Григория Прохорыча речи эти сильно возмущали, Облокотившись о поручни и пошевеливая в валенках пальцами (ибо с каждым рейсом на остров дело все ближе подходило к настоящей зиме), Григорий Прохорыч длительно поучал Жилина, доказывая ему, что на флоте, как и на корабле, каждому предмету определено свое место и что пресловутая капуста есть тоже вид боевого снаряжения и доставлять ее на далекий остров - занятие совершенно боевое и самое подходящее для КП-16. И тут же с гордостью и не без ехидства добавлял, что небось КП четырнадцатого или двенадцатого на остров не шлют, потому что доверить боевую капусту кораблям, которые шарахаются в сторону от каждой льдины, никто себе не позволит.

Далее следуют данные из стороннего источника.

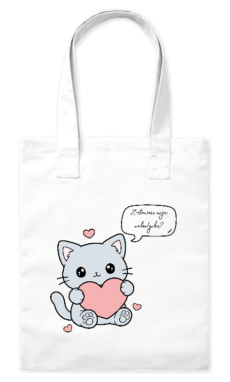 Szukasz sposobu, aby w nieszablonowy i uroczy sposób zapytać bliską osobę o bycie Twoją Walentynką? Nasza nowa torba z motywem słodkiego szarego kotka to propozycja, której nie da się odmówić. Ilustracja przedstawia małego kotka z wielkimi oczami, trzymającego różowe serce, z komiksową chmurką zawierającą pytanie: „Zostaniesz moją walentynką?”. Całość uzupełniają delikatne, różowe serduszka unoszące się wokół postaci.

А льдины действительно встречались им в заливе все чаще и крупнее. По берегам уже образовался легкий припай, и каждый шторм откусывал от его ровной зеленовато-голубой пелены порядочные куски и пускал их в залив на разводку, а у берега мороз и спокойная вода безостановочно пополняли убыль. Одинокие же льдины, попав в залив, не растворялись в его воде, а, наоборот, неся достаточный запас холода, сами при случае примораживали к себе обливающую их воду и тоже безостановочно росли, превращаясь в ровные поля. Иногда шторм, не разобравшись в задании природы, разламывал и эти плавучие поля, но мороз методически исправлял его ошибку - и новое поле, смерзшееся из льдин, снова медлительно плыло по заливу, отыскивая, к чему бы приткнуться и слиться в еще большее.

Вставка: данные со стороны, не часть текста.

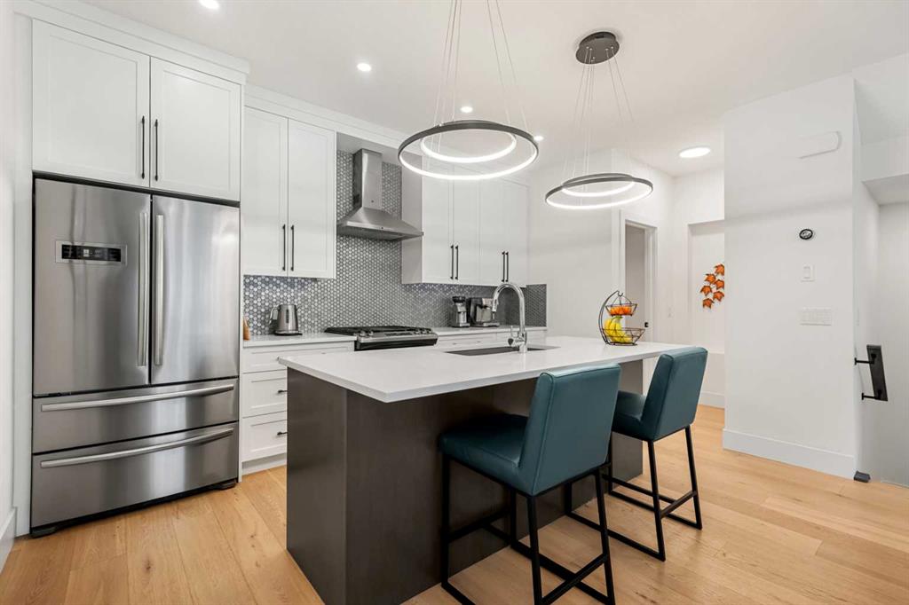 Welcome to this bright and modern townhome in the heart of Killarney. With over 1,950 sq. ft. of beautifully designed living space, this west-facing home seamlessly combines upscale finishes with thoughtful functionality across all levels. The open-concept main floor features 9-ft ceilings, luxury vinyl plank flooring, and an abundance of natural light. A linear gas fireplace anchors the living room, while the chef-inspired kitchen showcases a massive quartz island, full-height cabinets, a bold tile backsp...

КП-16 действительно не шарахался от льдин: оценив опытным взглядом возраст и толщину льда, Григорий Прохорыч в большинстве случаев шел прямо на поле. Корабль вздрагивал от удара, вползал на лед своим подрезанным ледокольным тараном, с каждым сантиметром втаскивая все большую тяжесть корпуса, - и лед, не выдержав, подламывался, разбивался в медленно переворачивающиеся куски, показывая в их изломе ослепительное сверкание кристаллов, и, увлекаемый работой винта, тянулся к корме. Порой по льдине от первого же удара тарана пробегала извилистой судорогой трещина, и тогда поле распадалось на две части, между которыми, раздвигая их бортами, свободно и без шума проходил КП-16. Впрочем, иногда - а с каждым походом все чаще и чаще - Григорий Прохорыч, всмотревшись в лед, молча показывал рулевому направление и уступал льдине дорогу, предпочитая разумный обход противника ненужной лобовой атаке.

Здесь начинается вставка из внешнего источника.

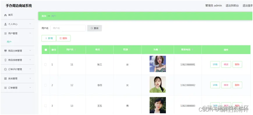 (5)用户管理模块:管理员可以对普通用户信息进行相应的增删改查操作。

Но вскоре этот маневр стал просто правилом плавания: лед явно закреплял позиции. Уже заняты были им Невская дельта, Маркизова лужа, почти все кронштадтское горло залива, и с флангов его передовые части тянулись по южному и северному берегам, занимая бухты и заливчики, чтобы оттуда со штормом высылать ледяные поля в самый залив, на широкие его плесы. Только в Кронштадтской гавани и на входном фарватере по створу маяков воде кое-как удавалось сохранять полужидкое состояние: там стояла холодная каша перековерканных, бесформенных обломков, смерзнуться которым в сплошной покров никак не давали беспрестанно проходившие здесь корабли и ледоколы. Под их ударами лед звенел, рычал и терся о борта, но дробился - и мстил только тем, что, когда его оставляли в покое, смерзался самым подлым способом: хаотическими комками, напоминающими вспаханное поле, ломать которые было порой труднее, чем ровный покров. Но его все-таки ломали, потому что война продолжалась, и корабли прорывались по фарватеру до кромки льда, чтобы выскочить на не замерзшие еще плесы. И вслед за ними, пользуясь свежим проходом, проскакивал до кромки и КП-16, чтобы, обходя встречные поля или врезаясь в них, упрямо пробираться к своему острову.
Так же пошел однажды КП-16 и в начале января вслед за эскадрой, выходившей в операцию. Он пробился на рейд, выждал там, когда линкор, пошевелившись своим огромным телом, легко разломал смерзшийся лед фарватера, и тогда пристроился у него за кормой, свободно пробираясь по его широкому следу.
Синяя прозрачность позднего январского рассвета отступала на запад, как бы теснимая туда линкором, а за кормой все выше и шире вставало просторное розовое зарево зимней зари, непрестанно усиливаясь, и огни створных маяков с какой-то особой, праздничной яркостью вспыхивали в морозном воздухе беззвучно и остро. Григорий Прохорыч стоял на мостике, забыв о холоде, и неотрывно смотрел на медленно расширяющееся по небу полымя, на давно знакомый контур города - водокачку, краны, трубу Морского завода, могучий купол собора, на тонкие иглы мачт в гавани, - и удивительное чувство легкости, бодрости и в то же время неизъяснимой грусти все сильнее овладевало им.